WHAT IS REQUIRED » With the pictures left out, write out the records verbatim.

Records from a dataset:
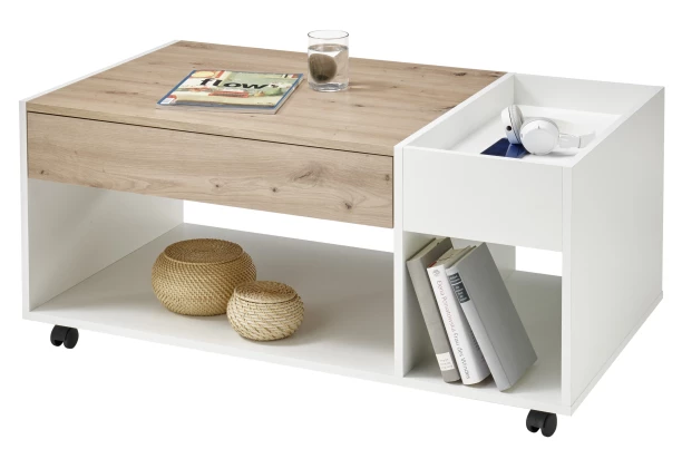 Tento praktický konferenčný stolík na kolieskach obsahuje úložný šuplík a priehradky na prehľadné odkladanie časopisov, novín alebo knižky. Vyrobený v kombinácii biela/dub artisan a vďaka konštrukcii na kolieskach ho môžete ľahko presunúť. Vedľa hornej plochy nájdete navyše ďalšiu priehradku, kam môžete odkladať napríklad diaľkové ovládače.
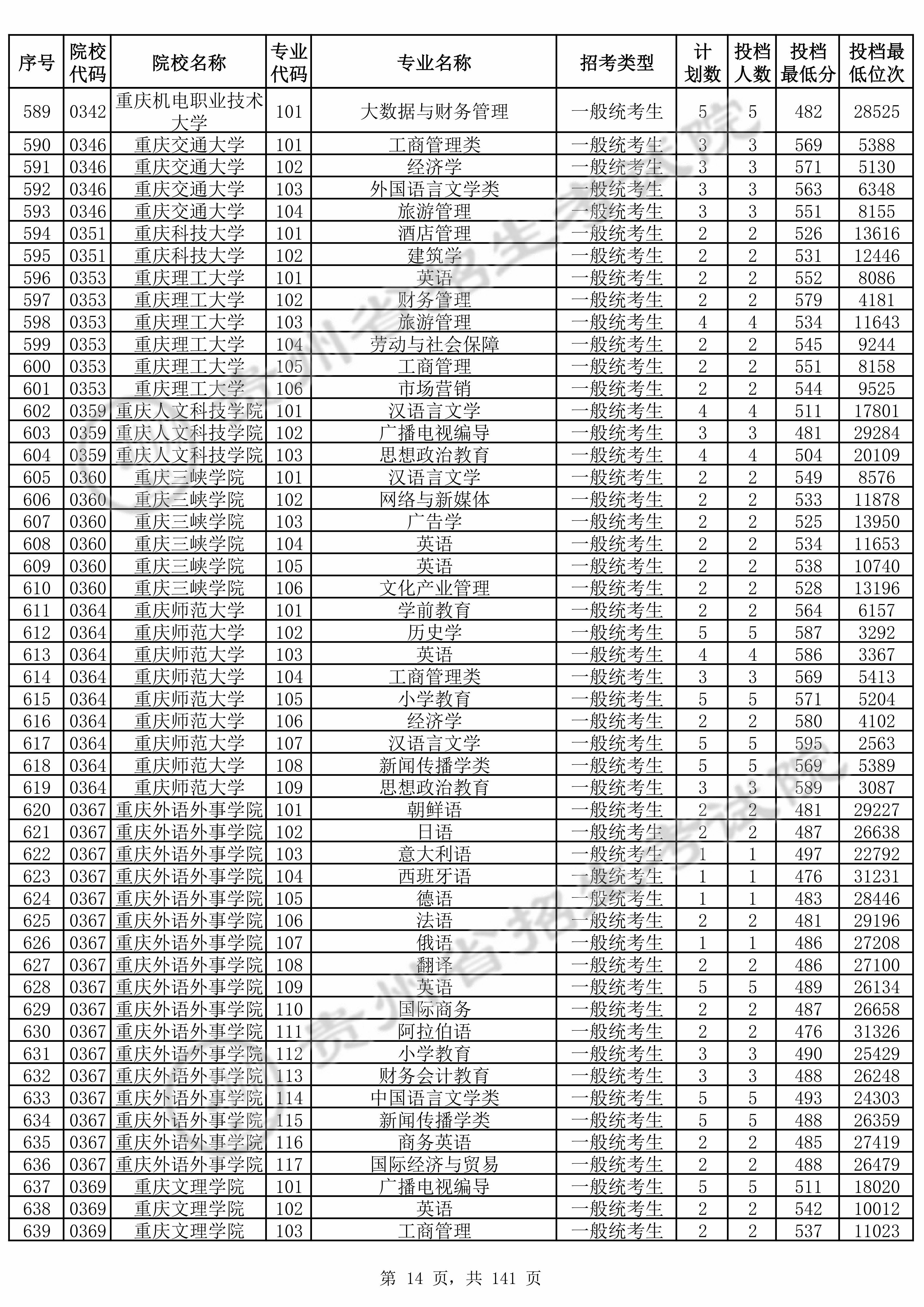 | 0346 | 重庆交通大学 | 103 | 外国语言文学类 | 563 | 6348 | 本科 | 历史 ,再选: 不限 | 1 |
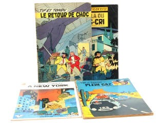 comprend : LE RETOUR DE CHOC (EO brochée Belge de 1958 - album en bon état - coiffes et coins frottés - une étiquette en page de titre - intérieur en très bon état bien compact et homogène - petite ouverture au niveau de la première page), PLEIN GAZ (EO brochée Belge de 1959 en état moyen - petits manques et frottements du dos - couverture un peu salie) & LA VILLA DU LONG GRIS (EO brochée de 1966 - très bon état intérieur bien compact et homogène) - on y joint TIF ET TONDU À NY en réedition brochée, en très bon état
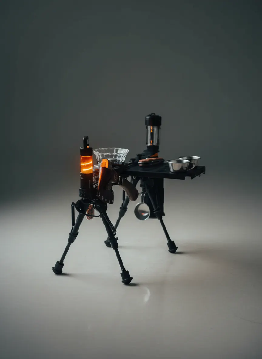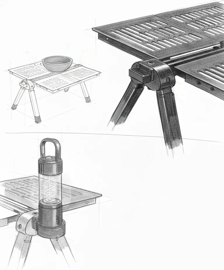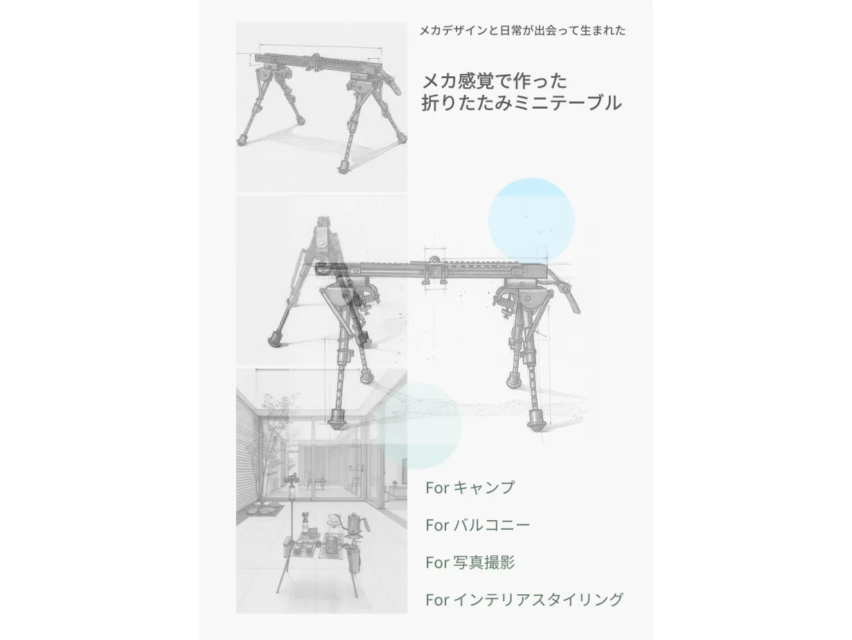 私たちがつくりたかったのは、単なる道具ではなく「機甲文化」と「日常の実用」を融合させたコンパクトテーブルです。
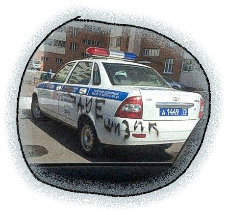 “AUE Schizo” — a vandalized police car in Chita, administrative center of Zabaykalsky Krai, which is considered the “AUE capital” of Russia, 2018 / Photo: Social media |
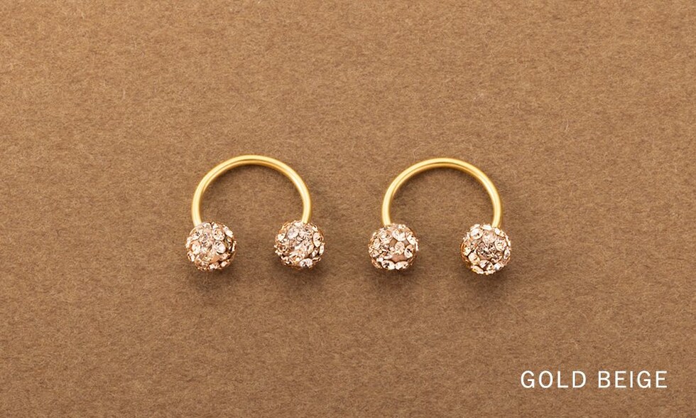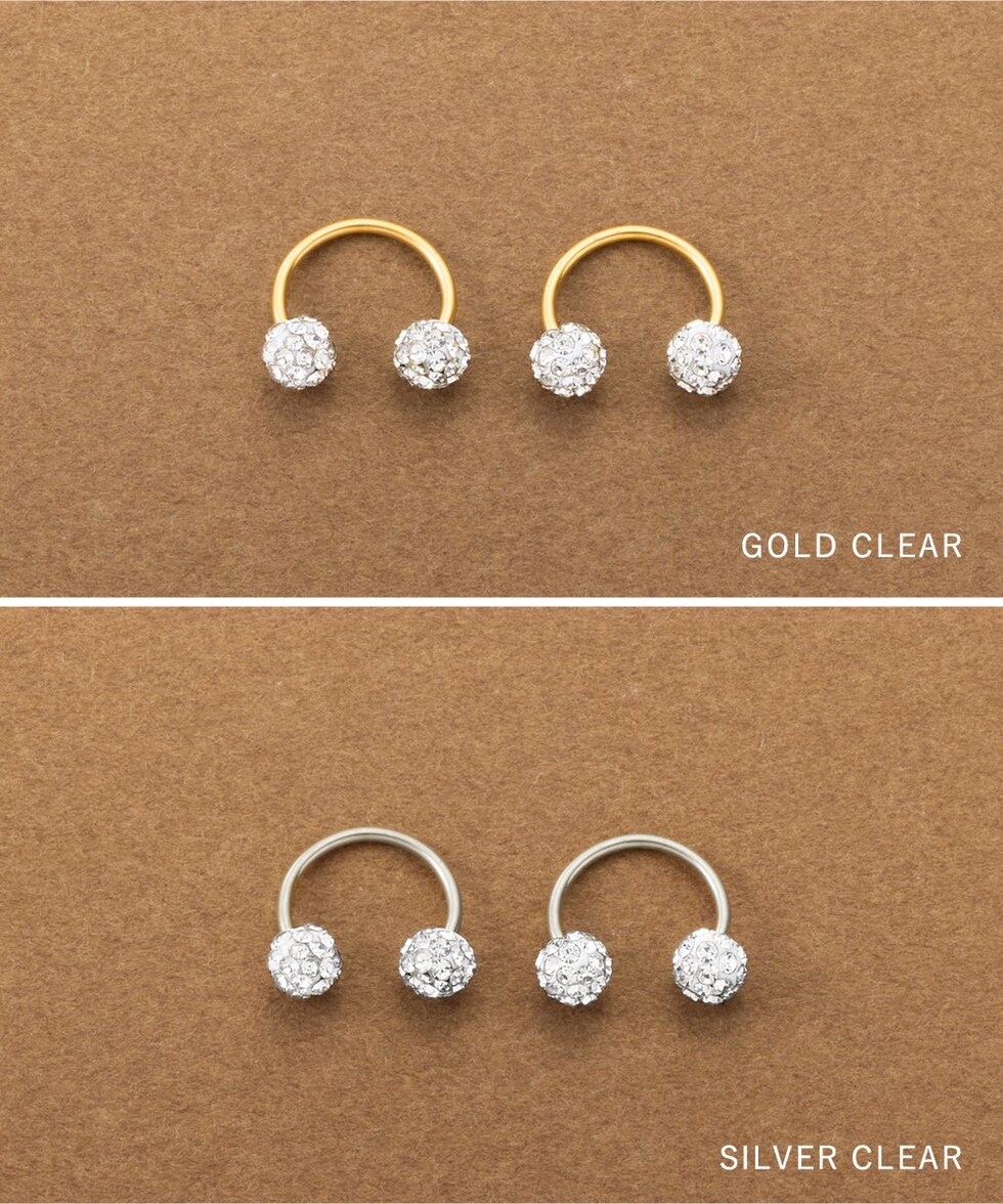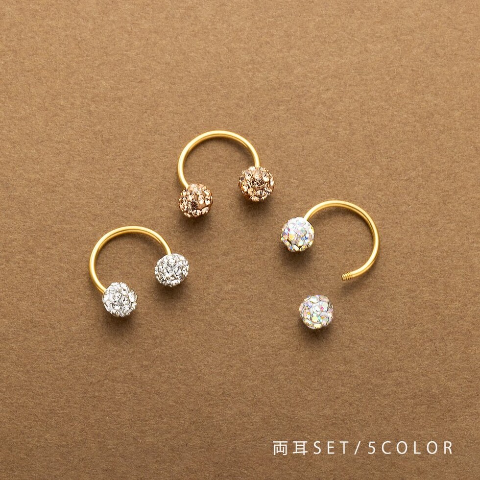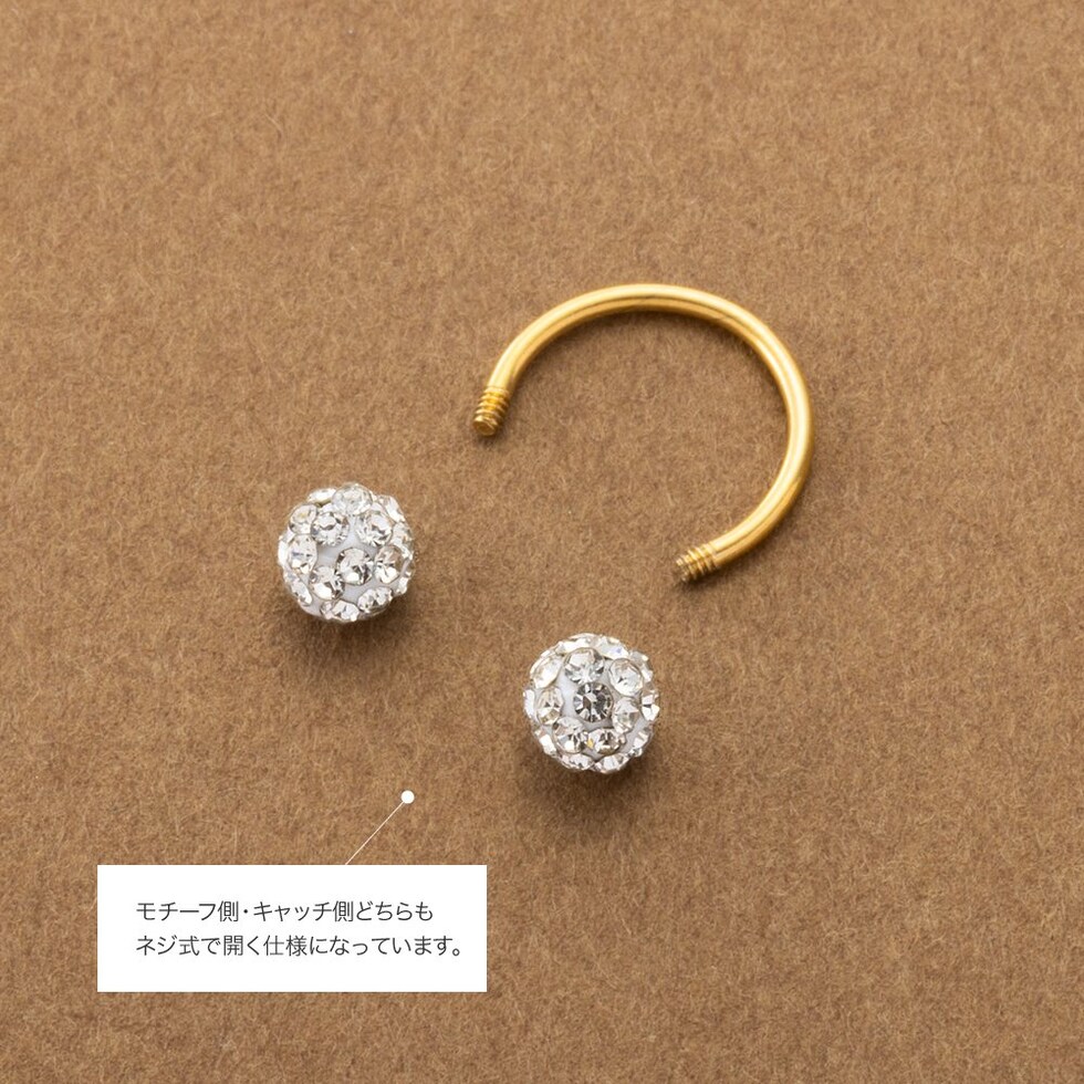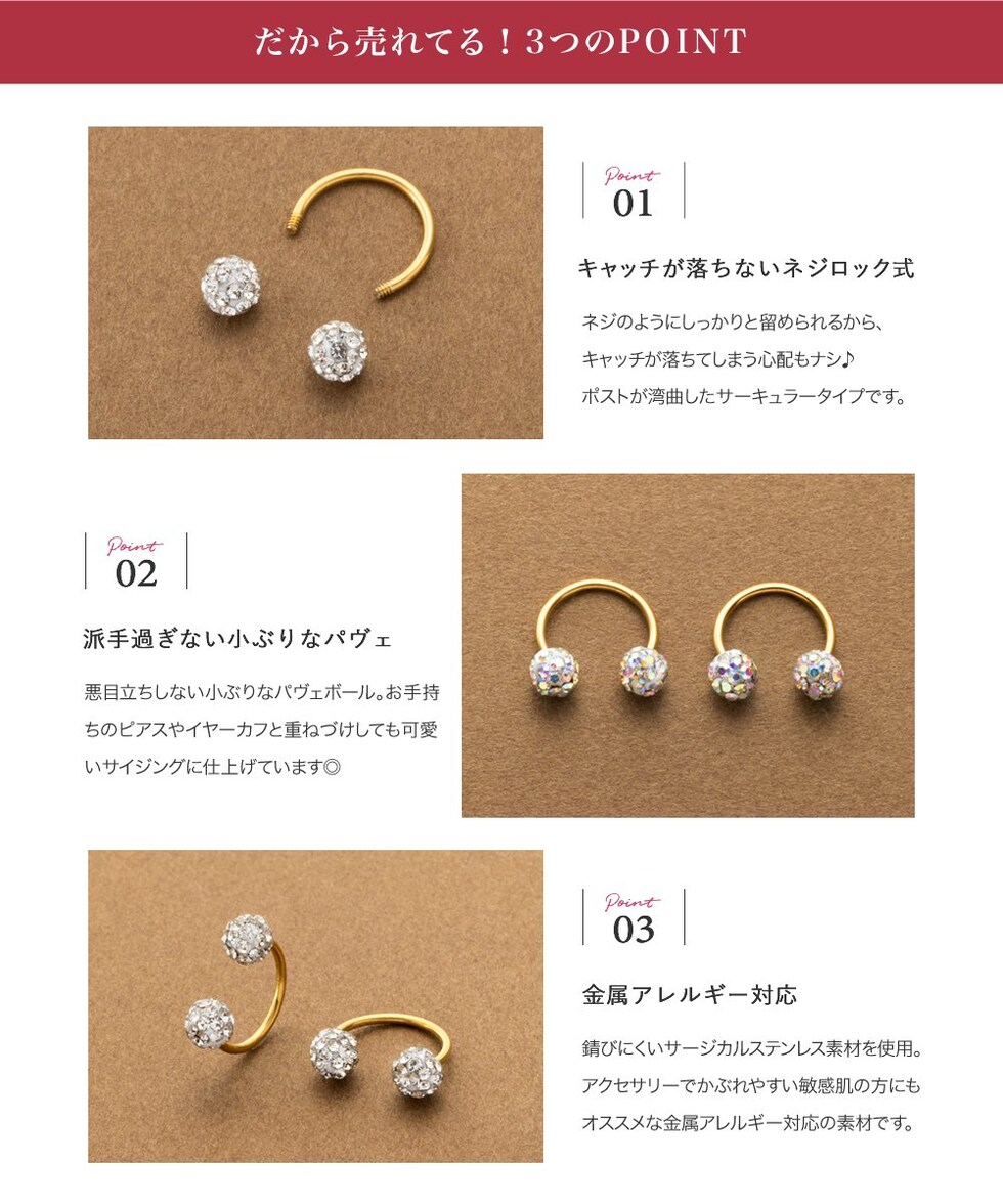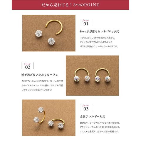 パヴェボールが品良く煌めくネジロック式ピアス。ポストが湾曲したサーキュラー型で、縦向きにして耳裏から覗かせたり横向きに着用したりとお洒落の幅が広がるアイテムです。前後を気にせず使えるデザインと低アレルギー素材のステンレス製で長時間の着用にもオススメ。

ANSWER BELOW »
 Tento praktický konferenčný stolík na kolieskach obsahuje úložný šuplík a priehradky na prehľadné odkladanie časopisov, novín alebo knižky. Vyrobený v kombinácii biela/dub artisan a vďaka konštrukcii na kolieskach ho môžete ľahko presunúť. Vedľa hornej plochy nájdete navyše ďalšiu priehradku, kam môžete odkladať napríklad diaľkové ovládače.
 | 0346 | 重庆交通大学 | 103 | 外国语言文学类 | 563 | 6348 | 本科 | 历史 ,再选: 不限 | 1 |
 comprend : LE RETOUR DE CHOC (EO brochée Belge de 1958 - album en bon état - coiffes et coins frottés - une étiquette en page de titre - intérieur en très bon état bien compact et homogène - petite ouverture au niveau de la première page), PLEIN GAZ (EO brochée Belge de 1959 en état moyen - petits manques et frottements du dos - couverture un peu salie) & LA VILLA DU LONG GRIS (EO brochée de 1966 - très bon état intérieur bien compact et homogène) - on y joint TIF ET TONDU À NY en réedition brochée, en très bon état
 私たちがつくりたかったのは、単なる道具ではなく「機甲文化」と「日常の実用」を融合させたコンパクトテーブルです。
 “AUE Schizo” — a vandalized police car in Chita, administrative center of Zabaykalsky Krai, which is considered the “AUE capital” of Russia, 2018 / Photo: Social media |
 パヴェボールが品良く煌めくネジロック式ピアス。ポストが湾曲したサーキュラー型で、縦向きにして耳裏から覗かせたり横向きに着用したりとお洒落の幅が広がるアイテムです。前後を気にせず使えるデザインと低アレルギー素材のステンレス製で長時間の着用にもオススメ。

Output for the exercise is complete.